__Problem to work on__
Exactly the lines from the one containing "I found this" through the final line of the data below, with pictures omitted, make up the answer.

=== Begin Enclosure ===

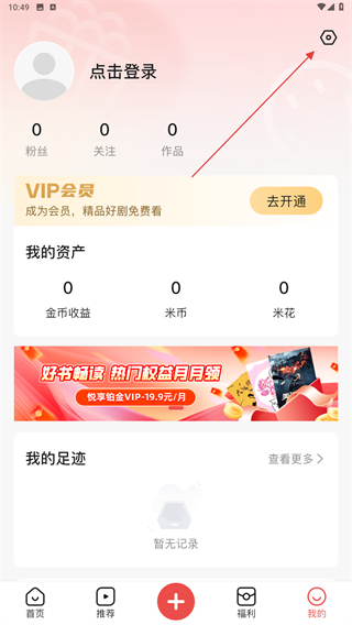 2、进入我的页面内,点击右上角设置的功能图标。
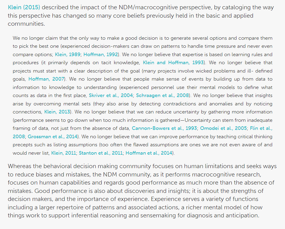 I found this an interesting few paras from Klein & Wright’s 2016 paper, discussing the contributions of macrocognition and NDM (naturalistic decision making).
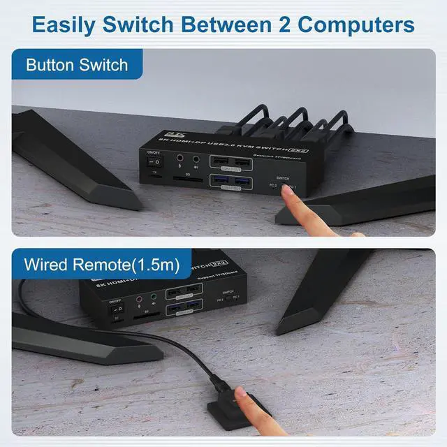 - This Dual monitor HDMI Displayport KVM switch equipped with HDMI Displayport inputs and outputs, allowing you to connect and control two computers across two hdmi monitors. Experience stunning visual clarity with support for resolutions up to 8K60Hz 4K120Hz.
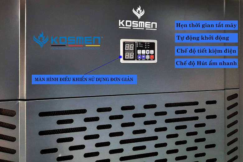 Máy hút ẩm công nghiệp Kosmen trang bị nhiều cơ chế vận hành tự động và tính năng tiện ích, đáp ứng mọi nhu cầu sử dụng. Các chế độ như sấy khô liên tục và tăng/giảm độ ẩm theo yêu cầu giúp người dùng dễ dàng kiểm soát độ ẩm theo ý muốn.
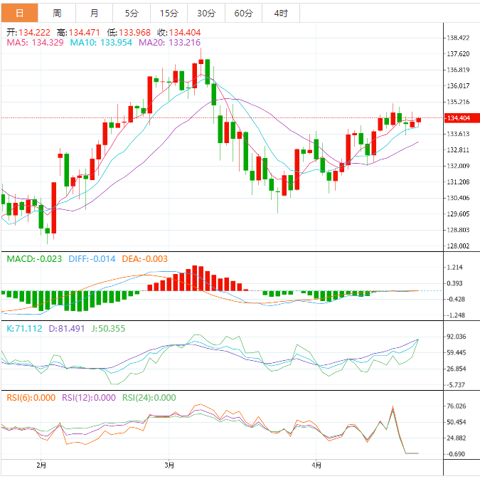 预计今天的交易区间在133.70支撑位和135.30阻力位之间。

=== End Enclosure ===

__Worked solution__
 I found this an interesting few paras from Klein & Wright’s 2016 paper, discussing the contributions of macrocognition and NDM (naturalistic decision making).
 - This Dual monitor HDMI Displayport KVM switch equipped with HDMI Displayport inputs and outputs, allowing you to connect and control two computers across two hdmi monitors. Experience stunning visual clarity with support for resolutions up to 8K60Hz 4K120Hz.
 Máy hút ẩm công nghiệp Kosmen trang bị nhiều cơ chế vận hành tự động và tính năng tiện ích, đáp ứng mọi nhu cầu sử dụng. Các chế độ như sấy khô liên tục và tăng/giảm độ ẩm theo yêu cầu giúp người dùng dễ dàng kiểm soát độ ẩm theo ý muốn.
 预计今天的交易区间在133.70支撑位和135.30阻力位之间。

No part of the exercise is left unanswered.